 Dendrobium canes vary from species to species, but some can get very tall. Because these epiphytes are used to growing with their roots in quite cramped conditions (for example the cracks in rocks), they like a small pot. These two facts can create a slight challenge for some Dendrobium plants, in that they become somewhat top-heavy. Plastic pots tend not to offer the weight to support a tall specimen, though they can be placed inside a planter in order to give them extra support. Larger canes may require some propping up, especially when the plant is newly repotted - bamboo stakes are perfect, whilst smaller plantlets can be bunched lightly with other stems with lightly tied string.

---

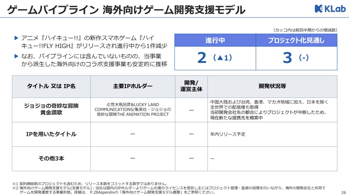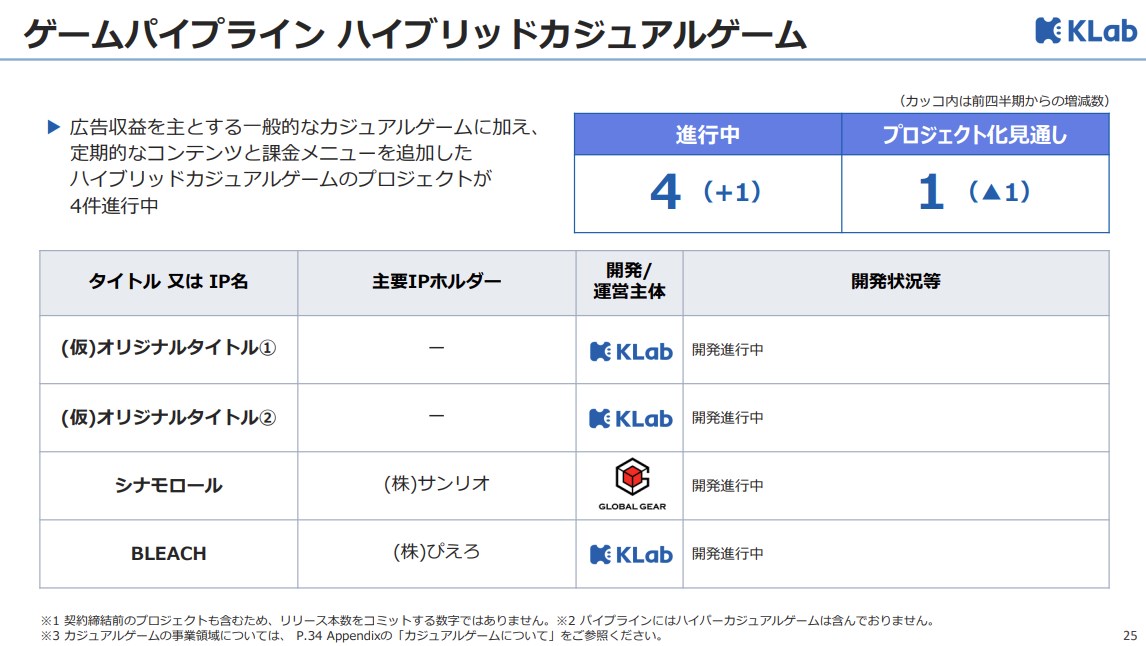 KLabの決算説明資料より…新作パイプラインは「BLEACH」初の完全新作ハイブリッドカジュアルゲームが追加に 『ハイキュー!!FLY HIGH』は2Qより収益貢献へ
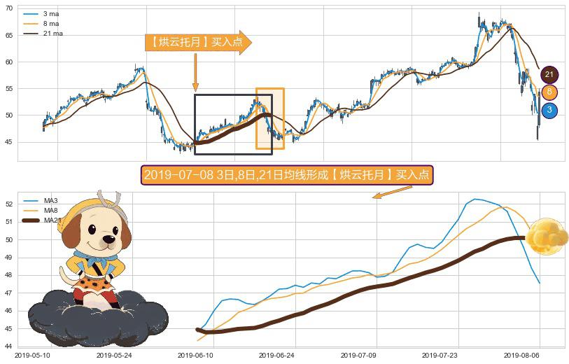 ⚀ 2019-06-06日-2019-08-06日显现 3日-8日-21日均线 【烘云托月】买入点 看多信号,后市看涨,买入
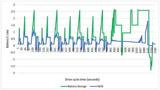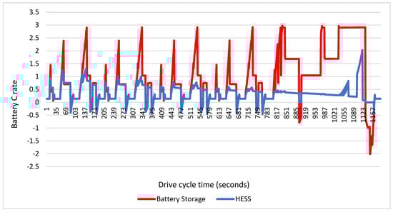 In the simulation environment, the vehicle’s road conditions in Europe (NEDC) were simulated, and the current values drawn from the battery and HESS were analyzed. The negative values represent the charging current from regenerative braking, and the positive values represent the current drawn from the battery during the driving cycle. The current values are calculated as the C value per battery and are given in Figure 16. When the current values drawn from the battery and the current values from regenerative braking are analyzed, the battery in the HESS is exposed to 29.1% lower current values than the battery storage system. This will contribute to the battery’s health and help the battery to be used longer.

### Problem details
Look above for the line with "3日-8日-21日均线 【烘云托月】买入点 看多信号,后市看涨,买入"; quote it and every line after it, stopping after the line with "In the simulation", exactly, with nothing added and without pictures.

### Answer to this exercise
 ⚀ 2019-06-06日-2019-08-06日显现 3日-8日-21日均线 【烘云托月】买入点 看多信号,后市看涨,买入
 In the simulation environment, the vehicle’s road conditions in Europe (NEDC) were simulated, and the current values drawn from the battery and HESS were analyzed. The negative values represent the charging current from regenerative braking, and the positive values represent the current drawn from the battery during the driving cycle. The current values are calculated as the C value per battery and are given in Figure 16. When the current values drawn from the battery and the current values from regenerative braking are analyzed, the battery in the HESS is exposed to 29.1% lower current values than the battery storage system. This will contribute to the battery’s health and help the battery to be used longer.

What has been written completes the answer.